Trust their read on feasibility timelines when grounded in data access and compute realities. Trust their instinct on where shortcuts create brittle systems. Trust them when they say a request is underspecified—because in ML, vague requirements often hide impossible expectations.

What to challenge

Challenge claims that skip baselines. Challenge demos without held-out evaluation. Challenge accuracy numbers without segment breakdowns. Challenge launches without monitoring. Challenge “we can fine-tune that away” without a plan and budget.

Your skepticism is not obstruction; it is quality bar enforcement expressed in product language.

Product management still owns the narrative—especially with AI

Engineers can quantify tradeoffs; you still decide what bet the organization makes and how it is explained to users.
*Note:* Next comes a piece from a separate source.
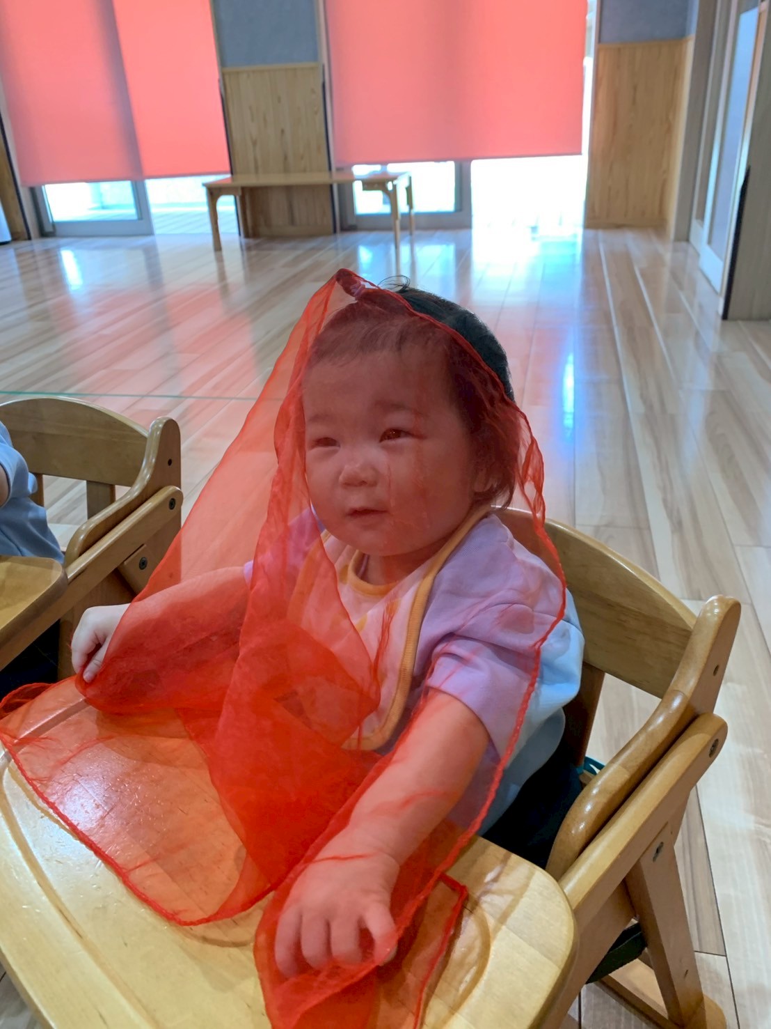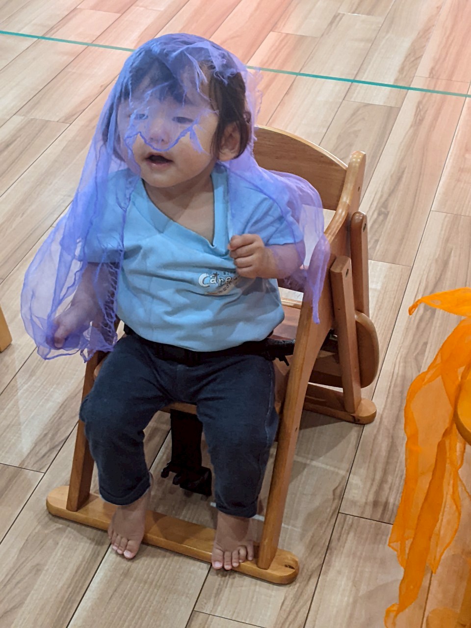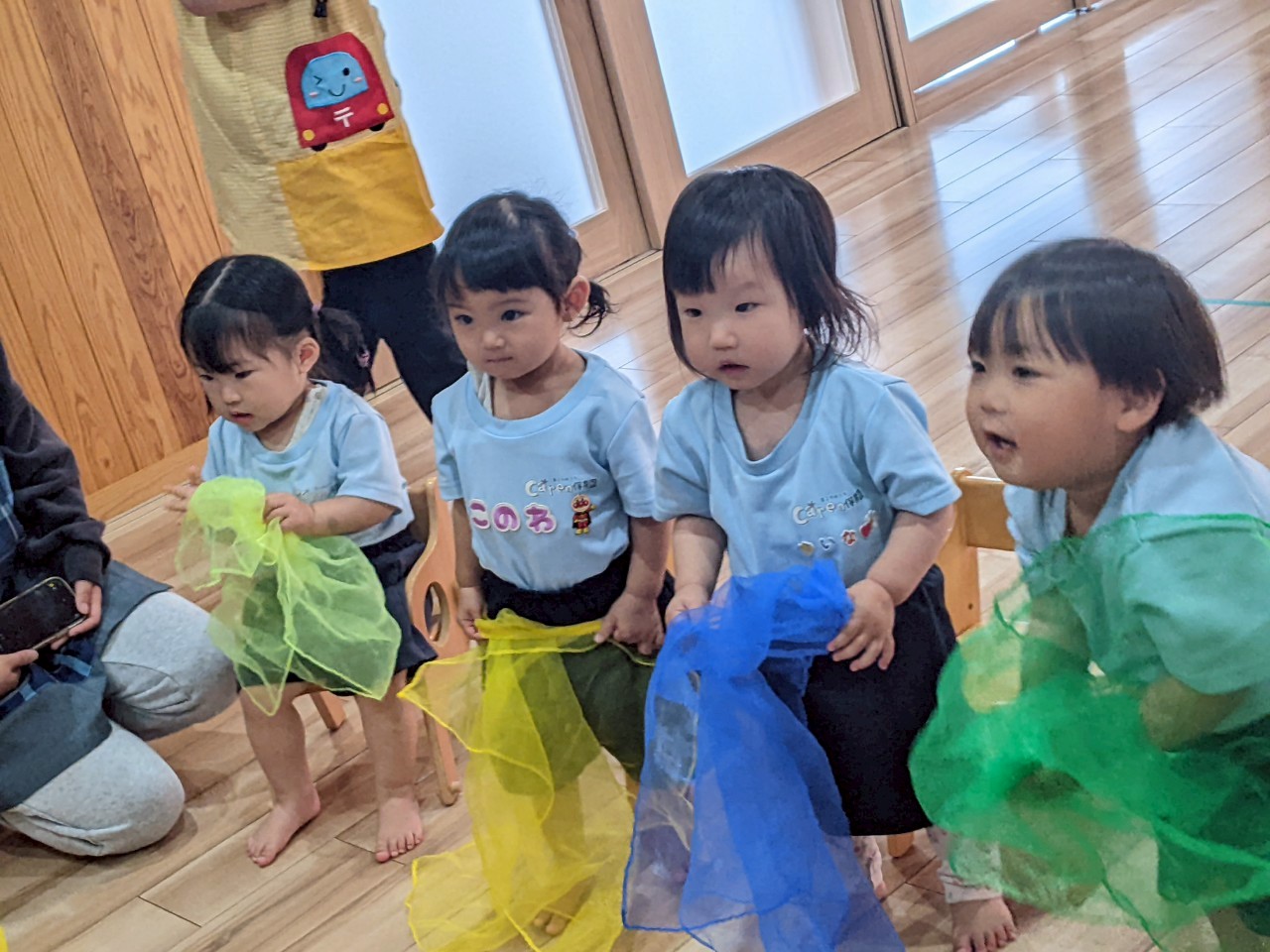 可愛い絵本に興味津々✨それから卵型のマラカスを受け取りしっかり握ってシャカシャカと音を鳴らしたり、好きな色のスカーフを選び音楽に合わせてふわふわと揺らして楽しみました💕

That includes setting honest expectations in marketing copy, in-product disclaimers, and sales enablement.

Product implication: Align externally visible promises with internal eval results. The gap between marketing superlatives and lived experience is where trust dies.

Cross-functional rituals matter more, not less

Design, content design, legal, support, and sales should see realistic outputs before launch—not curated winners. The earlier they see failure, the better the guardrails.

Product implication: Schedule red team sessions with messy inputs. If the room is uncomfortable, you are doing it right.

Documentation is not bureaucracy when the system is statistical

Runbooks for incidents, model cards or lightweight model documentation, and clear ownership for retraining are how teams survive the Tuesday when quality drops and nobody knows why.

You do not need enterprise ceremony. You do need shared truth: what shipped, what data it was trained on, what metrics justified launch, and how to roll back.

Product implication: Ask for a single source of truth link set that new engineers can read in an hour. If onboarding relies on tribal memory, your bus factor is one vacation away from an outage.

You are shipping a system, not a model

The durable product is: model + data + prompts + tools + UX + monitoring + policy + operations. PMs who fixate on the model alone ship fragile experiences.

If this series did its job, you can now move across the stack with confidence: fundamentals, opportunity selection, data readiness, and delivery discipline. The next step is practice—run a small assessment on a real initiative on your roadmap this week, with your team, using the language you now share.